The recommended initial dose for patients not receiving a diuretic is 2.5 mg once a day. Adjust dose according to blood pressure response. The usual maintenance dosage range is 2.5 mg to 20 mg per day administered as a single dose or in two equally divided doses. In some patients treated once daily, the antihypertensive effect may diminish toward the end of the dosing interval. In such patients, consider an increase in dosage or twice daily administration. If blood pressure is not controlled with ALTACE alone, a diuretic can be added.
Initiate dosing at 2.5 mg once daily for 1 week, 5 mg once daily for the next 3 weeks, and then increase as tolerated, to a maintenance dose of 10 mg once daily. If the patient is hypertensive or recently post-myocardial infarction, ALTACE can also be given as a divided dose.
For the treatment of post-myocardial infarction patients who have shown signs of congestive heart failure, the recommended starting dose of ALTACE is 2.5 mg twice daily (5 mg per day). A patient who becomes hypotensive at this dose may be switched to 1.25 mg twice daily. After one week at the starting dose, increase dose (if tolerated) toward a target dose of 5 mg twice daily, with dosage increases being about 3 weeks apart.
After the initial dose of ALTACE, observe the patient under medical supervision for at least two hours and until blood pressure has stabilized for at least an additional hour. If possible, reduce the dose of any concomitant diuretic as this may diminish the likelihood of hypotension. The appearance of hypotension after the initial dose of ALTACE does not preclude subsequent careful dose titration with the drug, following effective management of the hypotension [see Warnings and Precautions (5.5), Drug Interactions (7.1)].
Generally, swallow ALTACE capsules whole. The ALTACE capsule can also be opened and the contents sprinkled on a small amount (about 4 oz.) of applesauce or mixed in 4 oz. (120 mL) of water or apple juice. To be sure that ramipril is not lost when such a mixture is used, consume the mixture in its entirety. The described mixtures can be pre-prepared and stored for up to 24 hours at room temperature or up to 48 hours under refrigeration.
Concomitant administration of ALTACE with potassium supplements, potassium salt substitutes, or potassium-sparing diuretics can lead to increases of serum potassium [see Warnings and Precautions (5.8)].
Establish baseline renal function in patients initiating ALTACE. Usual regimens of therapy with ALTACE may be followed in patients with estimated creatinine clearance >40 mL/min. However, in patients with worse impairment, 25% of the usual dose of ramipril is expected to produce full therapeutic levels of ramiprilat [see Use in Specific Populations (8.6)].
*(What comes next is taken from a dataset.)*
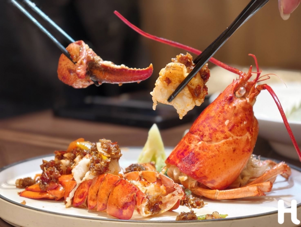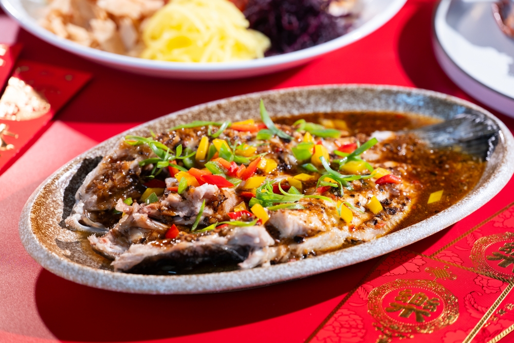 ล็อบสเตอร์ผัดซอสเอ็กซ์โอ & ปลาเก๋าดำนึ่งเต้าซี่ ปลาในความหมายจีนคือ “เหลือกินเหลือใช้” ทุกปีต้องมีปลาเพื่ออวยพรให้มีทรัพย์ไม่ขาดมือ ขณะที่ล็อบสเตอร์สีแดงสื่อถึงความเป็นสิริมงคลและความสุข

For patients with hypertension and renal impairment, the recommended initial dose is 1.25 mg ALTACE once daily. Dosage may be titrated upward until blood pressure is controlled or to a maximum total daily dose of 5 mg.
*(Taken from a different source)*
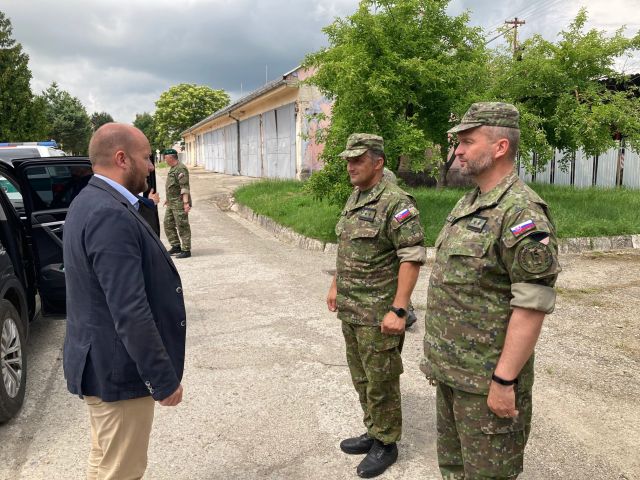 V obedňajších hodinách privítal Jaroslava Naďa veliteľ práporu podplukovník Vincent Csery. Šéfa rezortu obrany sprevádzali zástupca náčelníka generálneho štábu OS SR generálporučík Josef Pokorný a zástupca veliteľa pozemných síl brigádny generál Karol Navrátil.

Heart Failure Post-Myocardial Infarction
For patients with heart failure and renal impairment, the recommended initial dose is 1.25 mg ALTACE once daily. The dose may be increased to 1.25 mg twice daily, and up to a maximum dose of 2.5 mg twice daily depending on clinical response and tolerability.
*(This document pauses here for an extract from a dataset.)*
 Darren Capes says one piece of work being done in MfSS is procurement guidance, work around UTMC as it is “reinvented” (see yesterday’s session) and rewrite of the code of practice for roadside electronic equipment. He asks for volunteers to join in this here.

Volume Depletion or Renal Artery Stenosis
Blood pressure decreases associated with any dose of ALTACE depend, in part, on the presence or absence of volume depletion (e.g., past and current diuretic use) or the presence or absence of renal artery stenosis. If such circumstances are suspected to be present, initiate dosing at 1.25 mg once daily. Adjust dosage according to blood pressure response.
ALTACE (ramipril) is supplied as hard gelatin capsules containing 1.25 mg, 2.5 mg, 5 mg, and 10 mg of ramipril.
ALTACE is contraindicated in patients who are hypersensitive to this product or any other ACE inhibitor (e.g., a patient who has experienced angioedema during therapy with any other ACE inhibitor).
Presumably because drugs that act directly on the renin-angiotensin-aldosterone system (e.g., ACE inhibitors) affect the metabolism of eicosanoids and polypeptides, including endogenous bradykinin, patients receiving these drugs (including ALTACE) may be subject to a variety of adverse reactions, some of them serious.
Head and Neck Angioedema
Patients with a history of angioedema unrelated to ACE inhibitor therapy may be at increased risk of angioedema while receiving an ACE inhibitor.
Angioedema of the face, extremities, lips, tongue, glottis, and larynx has been reported in patients treated with ACE inhibitors. Angioedema associated with laryngeal edema can be fatal. If laryngeal stridor or angioedema of the face, tongue, or glottis occurs, discontinue treatment with ALTACE and institute appropriate therapy immediately. Where there is involvement of the tongue, glottis, or larynx likely to cause airway obstruction, administer appropriate therapy (e.g., subcutaneous epinephrine solution 1:1000 [0.3 mL to 0.5 mL]) promptly [see Adverse Reactions (6)].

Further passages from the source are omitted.